W internecie ukazało się we wtorek nowe wideo kompromitujące kontrowersyjnego burmistrza Toronto Roba Forda. Ford potwierdził, że to on jest na tym nagraniu i że wówczas "trochę wypił".

Na nagraniu umieszczonym w popularnym serwisie YouTube widać Forda bełkoczącego coś mało zrozumiale w restauracji fast food i usiłującego najwidoczniej naśladować angielski akcent używany na Jamajce. Burmistrz wyraźnie miał kłopoty z samokontrolą; chodził po restauracji mówiąc coś o nadzorze policji i wykrzykiwał obraźliwe sformułowania pod adresem szefa policji w Toronto Billa Blaira. Ford był już "bohaterem" podobnych nagrań w listopadzie ub. r. Przyznał się wówczas m.in. do zażywania narkotyków.

"Tak, trochę wypiłem"

We wtorek, nagabywany przez dziennikarzy, powiedział, iż wideo pochodzi z poprzedniego wieczoru.

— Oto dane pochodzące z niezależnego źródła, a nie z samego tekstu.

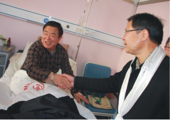 每年春節及藏歷新年院領導都會親自帶隊慰問病人,這已成為“阜康”與患者間特有的一種情感交流。一聲聲真誠的祝福、一陣陣爽朗的笑聲,描畫出- -幅和諧的醫患關系圖。
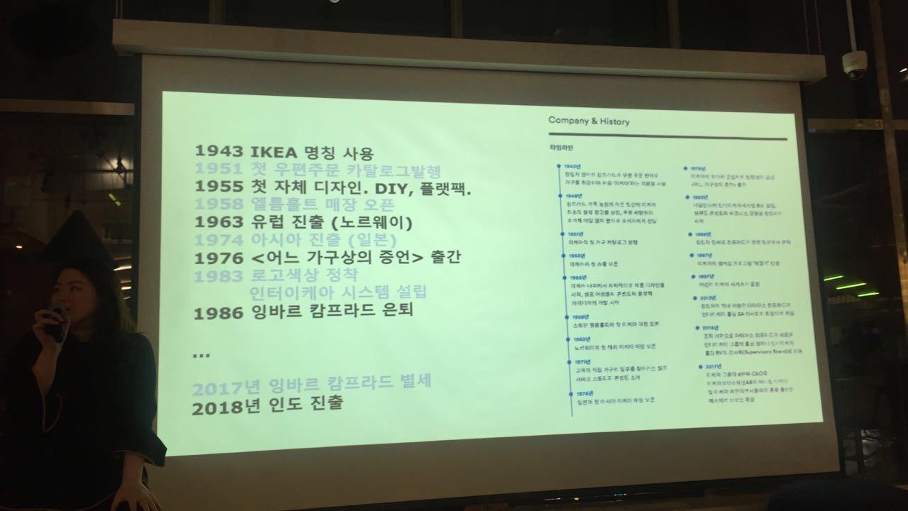 매거진B의 이케아 편을 담당한 에디터가 나와 매거진에 대한 소개와 더불어 본격적으로 이케아에 대한 이야기가 시작되었다. 사실, 이케아가 오래된 브랜드라는 것은 알고 있었지만 1941년에 시작된 브랜드인 것은 이번에 처음 알았다. 사업에 감을 타고난 창업자 <잉바르 캄프라드> 가 만든 이케아는 무엇보다 이케아라는 브랜드에 국가의 이미지! 스웨덴의 이미지가 잘 녹아들어 있다. 파랑과 노란색을 사용한 스웨덴 국기와 마찬가지로 이케아도 브랜드 컬러로 파랑을 사용한다.
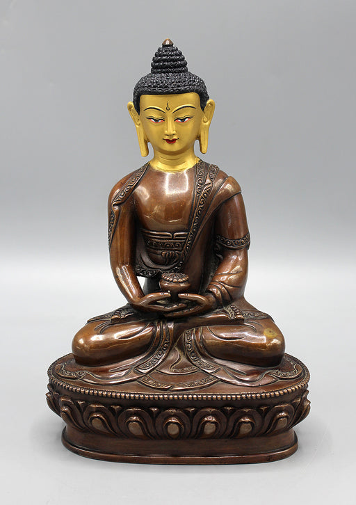 View full detailsCopper Oxidized Amitabha Buddha Statue with Gold Face Painting
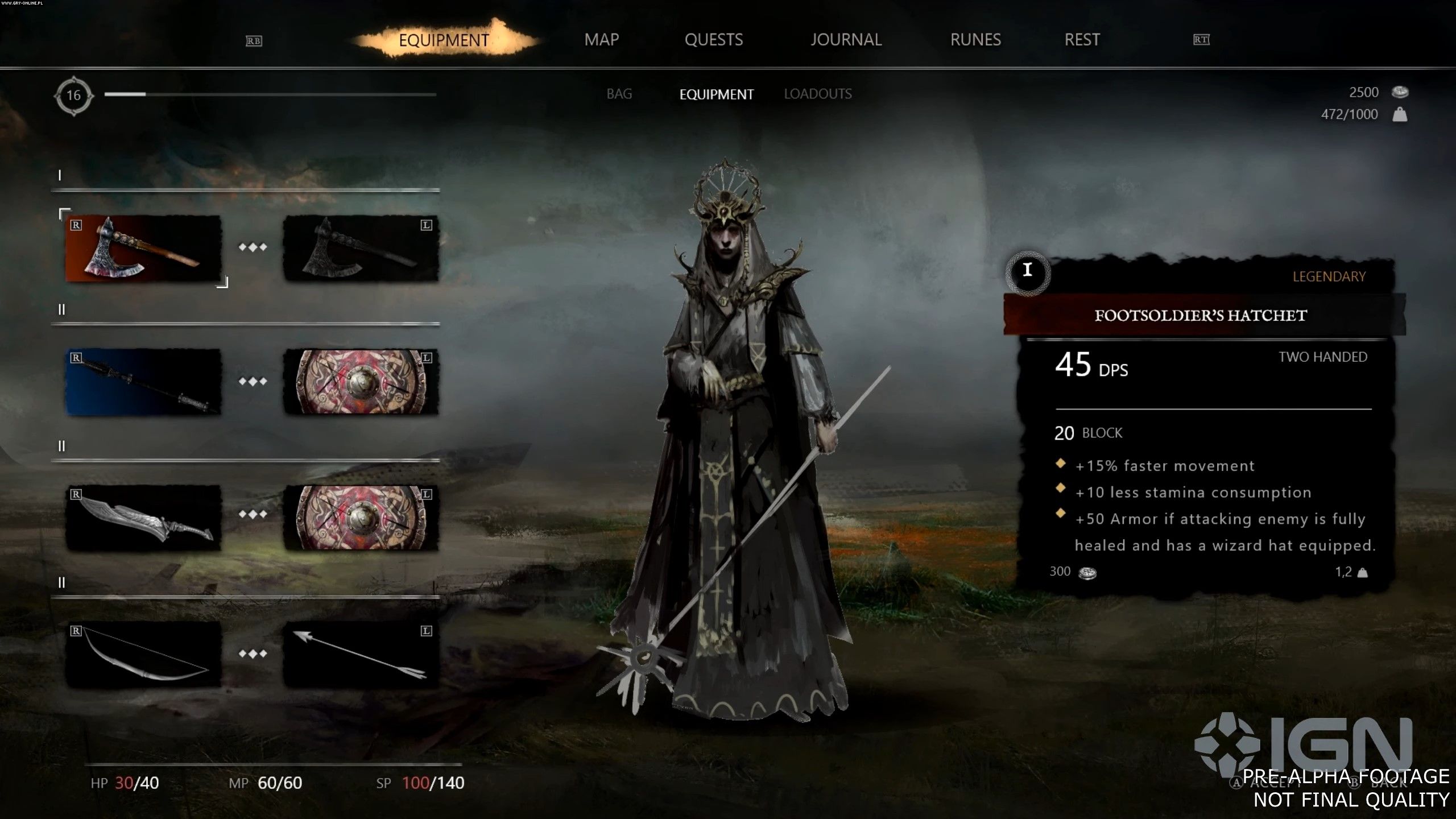 Tam bohater przyjmuje zadanie od kwatermistrza Fearghasa i udaje się do kopalni (deweloper prowadzący gameplay zaznacza, że nie jest to ostateczna wersja tego questa, a zatem raczej nie musimy obawiać się spoilerów z finalnej wersji gry), gdzie następuje prezentacja wczesnej wersji systemu ekwipunku (7:37), odpoczynku (8:35) oraz gotowania (9:00).
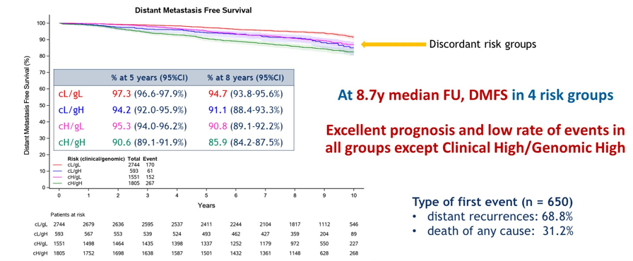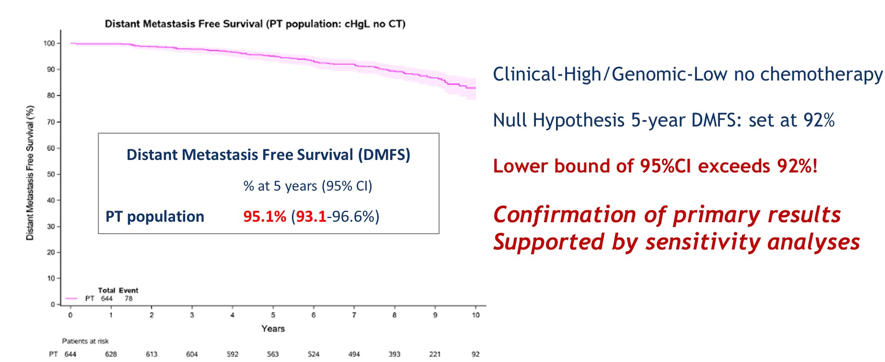 研究结果:中位随访时间为8.7年,更新了临床高风险/基因组低风险的初次试验人群的5年DMFS率(无辅助化疗组 95.1%(95%CI 93.1-96.6))。
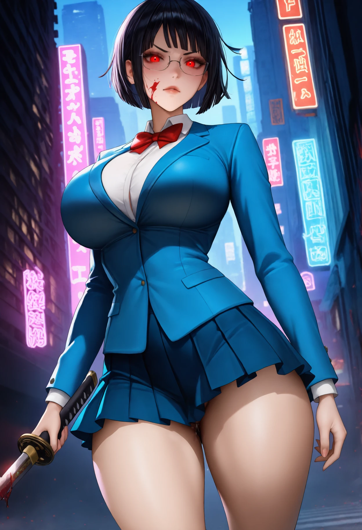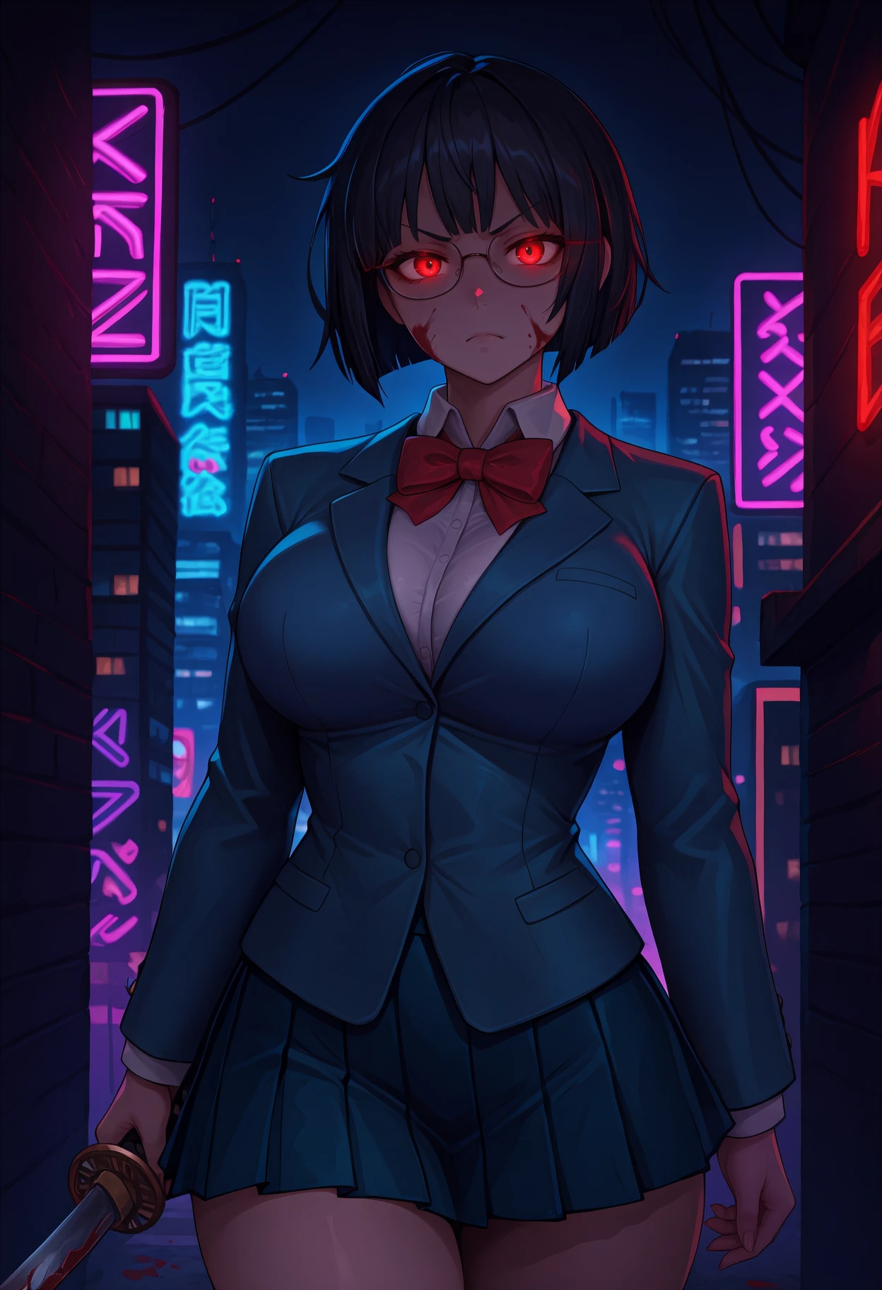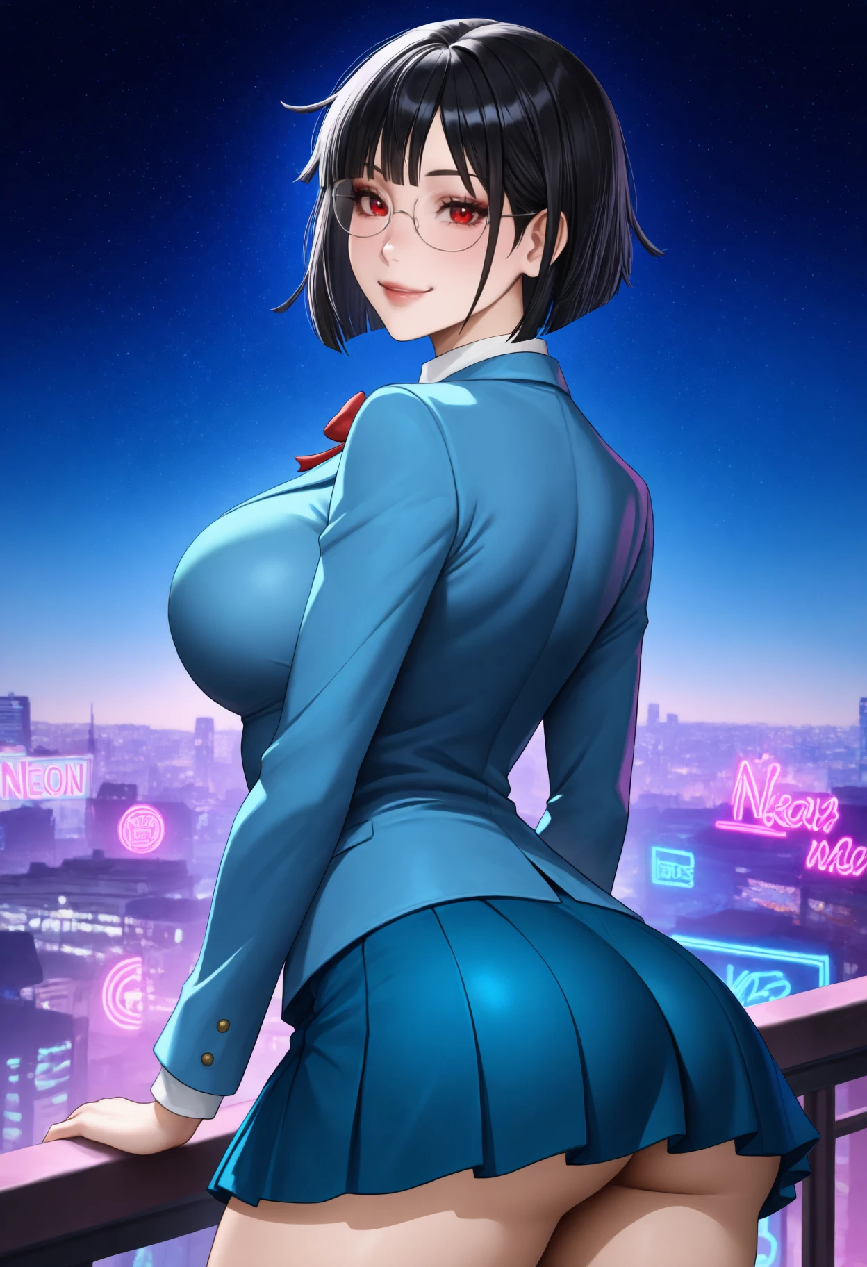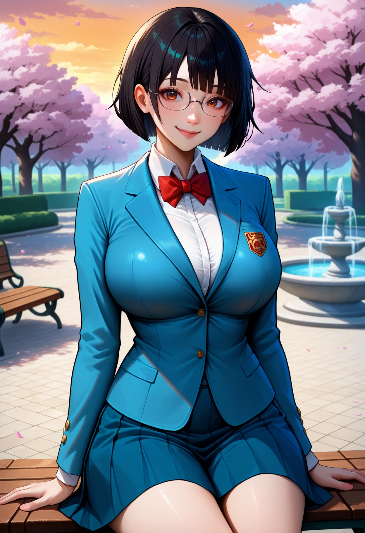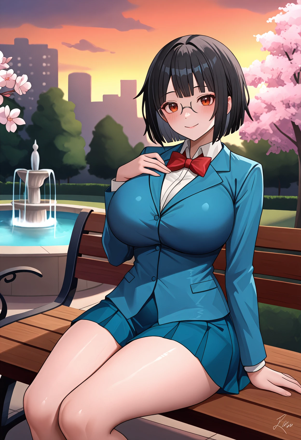 Main Prompt: curvy, short hair, black hair, bob cut, large breasts, slim waist, glasses, brown eyes,

Przyznał również, że "trochę wypił". Kategorycznie zaznaczył jednak, że wideo powstało w czasie wolnym, w takcie spotkania z przyjaciółmi, a "to, co robi prywatnie, nie powinno nikogo interesować". Dodał, że nie sądzi, aby kogokolwiek obraził. - Takim językiem mówię z moimi przyjaciółmi - powiedział. Po listopadowych "wyczynach" burmistrza wielu mieszkańców Toronto domagało się jego ustąpienia, ale Ford stanowczo odmówił. Rada miejska Toronto pozbawiła Forda większości uprawnień, ale nie mogła go odwołać, bowiem nie był skazany za żadne przestępstwo.